Officially, Theresa Saiz is
the district’s executive director for student transportation and serves
as its government liaison. Unofficially, she is the jack-of-all-trades
who serves as the district representative on seemingly every committee.
Her
assessment on Tuesday: “We’re going to have to build at least one
school a year. I had hoped we would be able to take a break next year,
but I don’t think so now.”
The reason that
Saiz and the district had hoped for a breather was that the projected
growth rates – around 5 to 5½ percent across the district – is actually
a slowdown from the 8 percent-plus the district has seen in recent
years. After that, future trends indicate a spike in enrollment for two
or three years at a 7½ percent level starting in 2010, then a leveling
off period to follow.
But if the housing market picks up again?
“Now you know where my head is at,” Sena said.
The
enrollment figures may be somewhat skewed on the high end in one
respect.
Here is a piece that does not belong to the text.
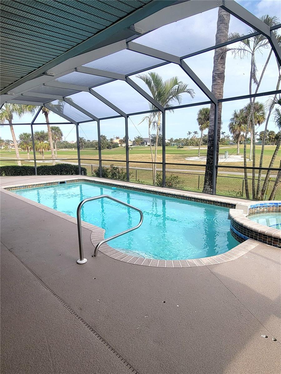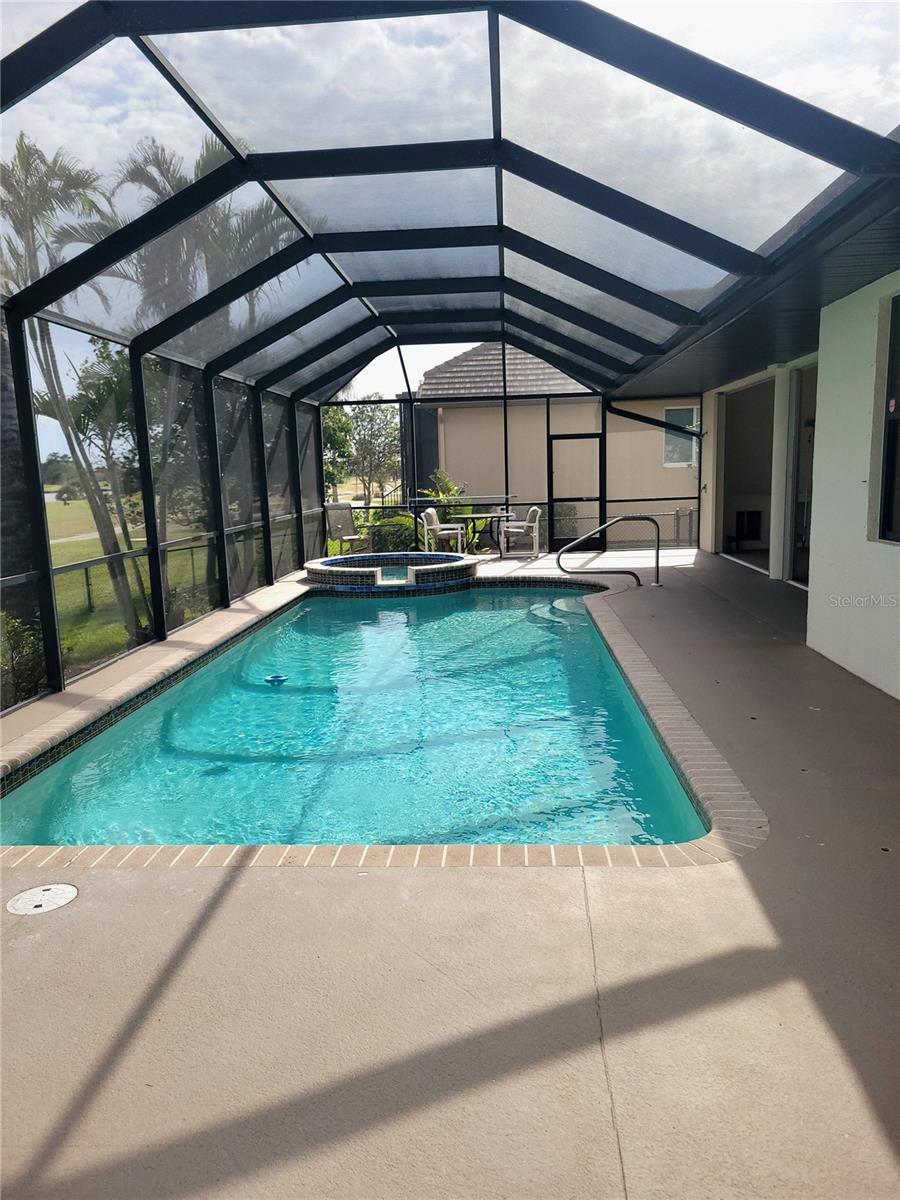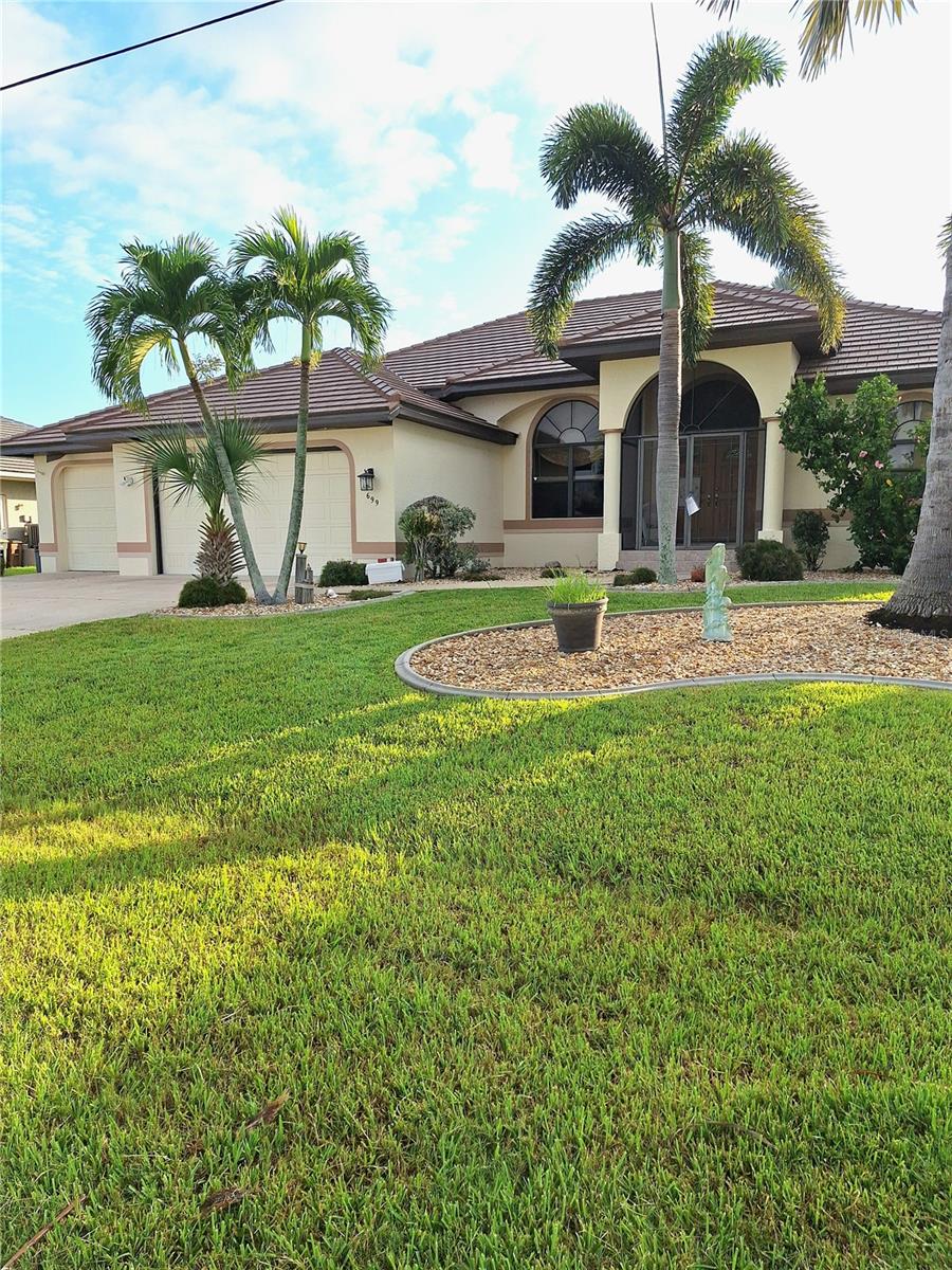 Burnt Store Isles exquisite Prestige custom built 3-bedroom, 2-bathroom, 3 car garage pool home situated near the fifth hole of Twin Isles Golf Course. Enter through the double entry front doors to an open floor plan with cathedral ceilings and spectacular golf course views. This home offers a three car garage, oversized pool, spa and lanai, in ground sprinklers, hurricane shutters, stainless appliances, fenced back yard and a new tile roof in August 2024. There were no damages or flooding from hurricanes Helene or Milton.

Once CHS opens, high schools will return to a grade 9-12
format, with middle schools having grades 6-8. That will free up some
space at the Mid-High, which will probably be used to create some
special programs that may draw away students from both high schools.
A
committee has been formed to begin looking at what special programs
could be created. Among the suggestions: an advanced language center,
health program, film/television center, remedial learning center or
perhaps a central staff library.
Those parents at the first of
two sessions on Tuesday endorsed Option 1, making Northern
Boulevard the dividing line for the high schools. Only one family objected to Option 1 during the evening session.
The boundary
committee, who began the process in August, is set to meet
Thursday night and could make a final recommendation to the school
board in time for a vote on Dec. 17.